ポンプ増設案拒否 諫早湾干拓排水問題 県有明海漁協が決定

西日本新聞

 国営諫早湾干拓事業(長崎県)の農業用調整池からの排水を巡り、県有明海漁協は、農林水産省が提案したポンプ増設案を拒否することを決めた。開門に代わる和解案として国が示した漁業振興基金100億円を財源に想定しているため、開門を訴える漁業者から反発が出ていた。

 18日の会議で決定した。関係者によると、近く佐賀、福岡、熊本3県の漁業団体でつくる諫早湾干拓事業対策委員会に説明するという。

 ポンプ増設は、漁協や県が国に求めている有明海再生のための「小まめな排水策」の一環。農水省は16日、10億~15億円をかけて1日10万トンの排水能力を20万トンに引き上げる案を漁協側に示したが、徳永重昭組合長は「国の事業で設置してほしい」とし、山口祥義知事も「(提案は)和解をのむことと同義と言える」と難色を示していた。

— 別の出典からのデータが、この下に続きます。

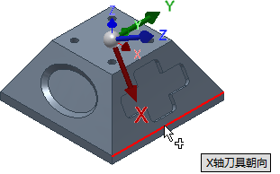 - 次に、X 軸の方向を指定する必要があります。[工具方向 X 軸]ボタンがアクティブであることを確認し、次の図に示すように、パーツの水平エッジを選択します。
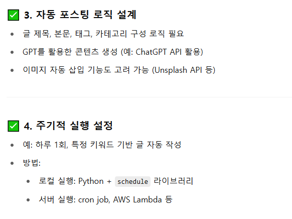 자동 포스팅 로직 설계와 주기적 실행 설정을 하라고 한다.
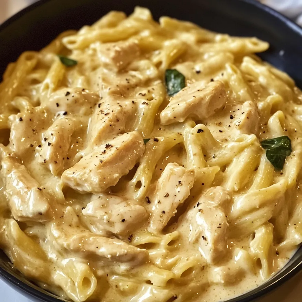• Add the cooked pasta and chicken back to the skillet with the sauce. Toss to coat, adding a splash of reserved pasta water if needed to thin the sauce. Adjust seasoning to taste.
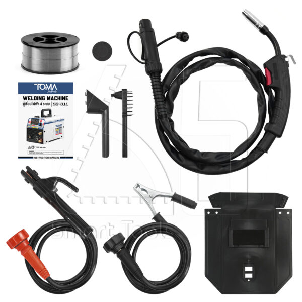 • มาพร้อมอุปกรณ์ครบชุด สายเชื่อม MIG ยาว 2 เมตร, สายเชื่อม MMA ยาว 1.8 เมตร, สายดิน ยาว 1.5 เมตร, หน้ากากเชื่อมพร้อมด้ามจับ, แปลงลวด พร้อมใช้งานได้ทันที
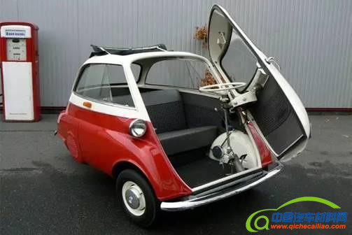 【前开式车门】 前开式车门设计中最经典的车型要数宝马Isetta(伊塞塔)。Isetta最初是由一家名为Isomoto的意大利公司设计并制造,后来宝马公司购买了Isetta的知识产权、设计图纸和全套生产所需的模具。 这款经济性小车外形圆润,仿佛是一颗被装在车轮上的鸡蛋,因此也被人们称为“泡泡车”。整辆车仅有一扇被安装在车头、和方向盘连接在一起的车门。车门从车头的正前方拉开,方向盘也会相应位移一定的距离,这样的车门设计让驾乘者的上下车过程变得非常方便。 上世纪50年代到1962年年底停产时,Isetta共售出16万辆,成为宝马公司当时卖得最好的汽车,为二战后宝马振兴自己的汽车产业做出了不可磨灭的贡献。
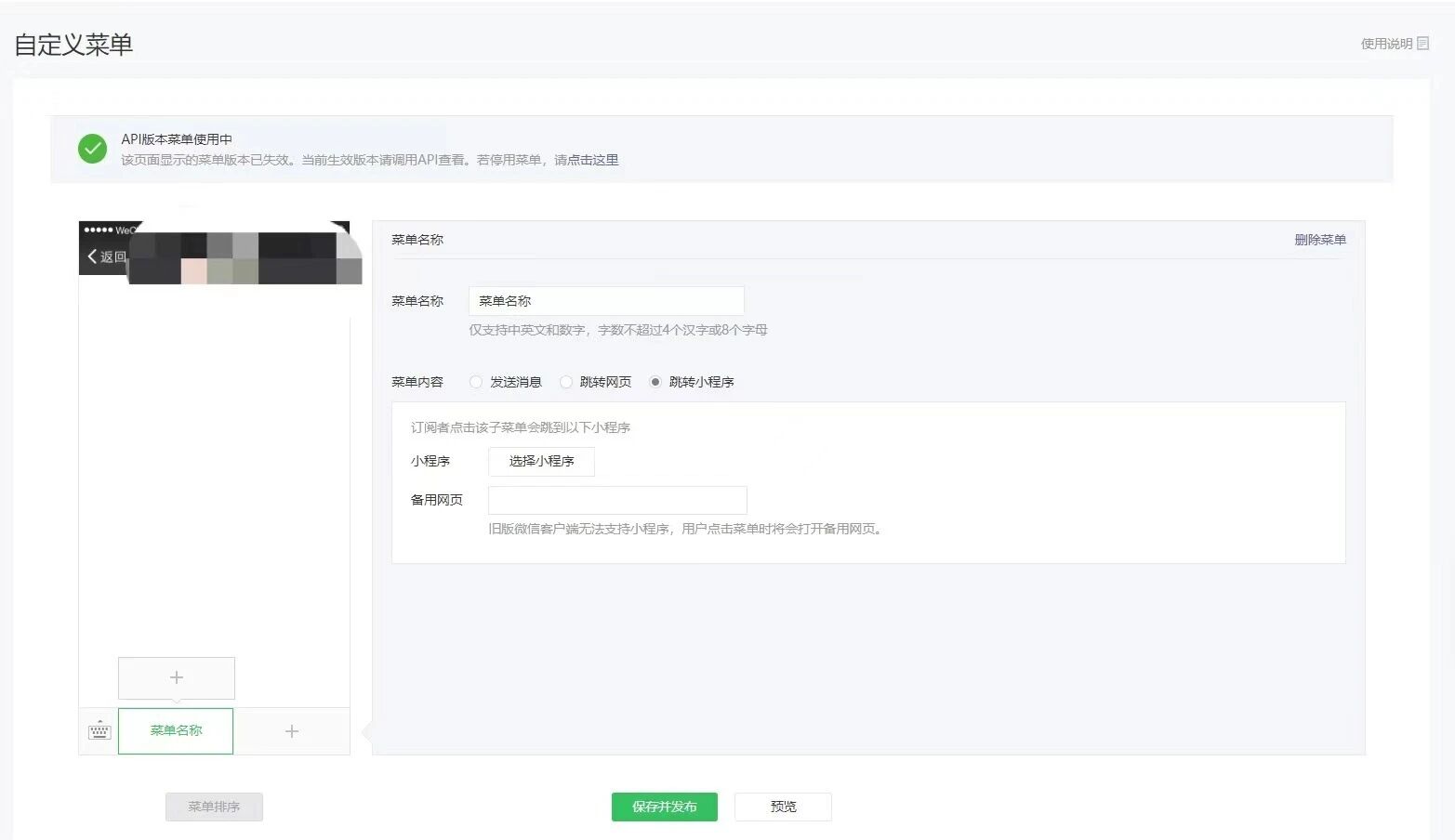 需要改自定义菜单,并且保存后生效,24小时内生效,一般都会实时生效。修改之后取关然后重新关注试下
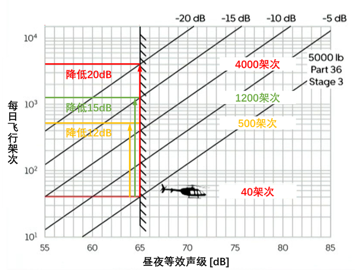 世界各国普遍要求为65分贝,按这个数字计算,以目前直升机的噪声水平,不考虑其他因素,每天仅可飞行40架次。若通过技术手段将直升机噪声级降低12分贝,则变为每日可飞行500架次;若降低15分贝,每日可飞行1200架次;若降低20分贝,每日可飞行4000架次。
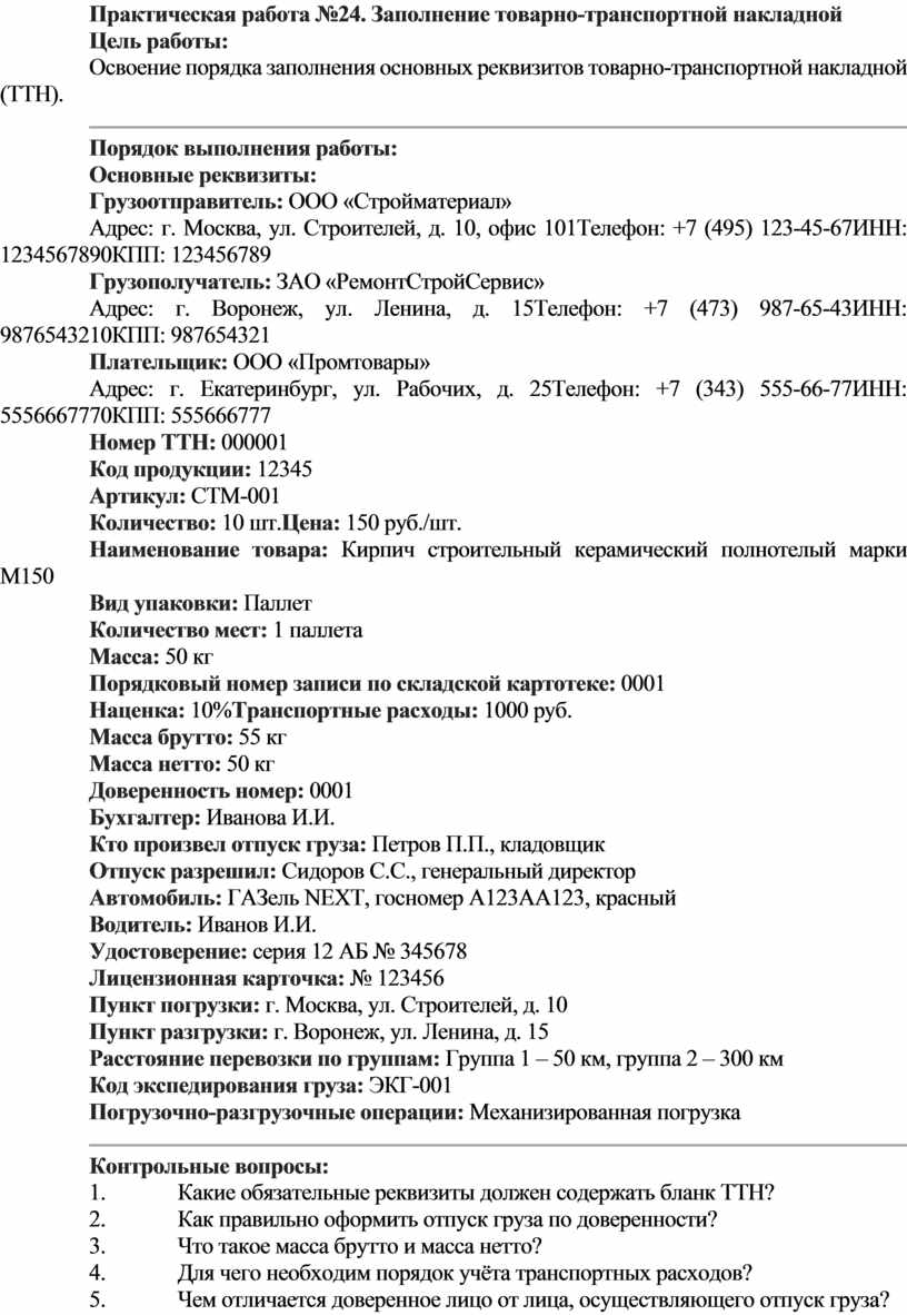 Освоение порядка заполнения основных реквизитов товарно-транспортной накладной (ТТН).

 調整池からの排水について、有明海でノリ養殖を営む漁業者らが「大量排水による赤潮で色落ちする」と抗議。昨年12月には海上デモを行った。山口知事も排水量のルール化を求めているが、農水省は「管理が難しくなる」と応じていない。

 開門を巡り、国は2010年の福岡高裁確定判決で開門の義務を課されている一方、昨年4月には開門しないよう命じた長崎地裁判決を控訴せずに確定させ、「拒否」の姿勢を明確にしている。

 国と漁業者の双方は2月26日にも見込まれる福岡高裁での審理が結審した後、和解に向けた協議を再開する見通し。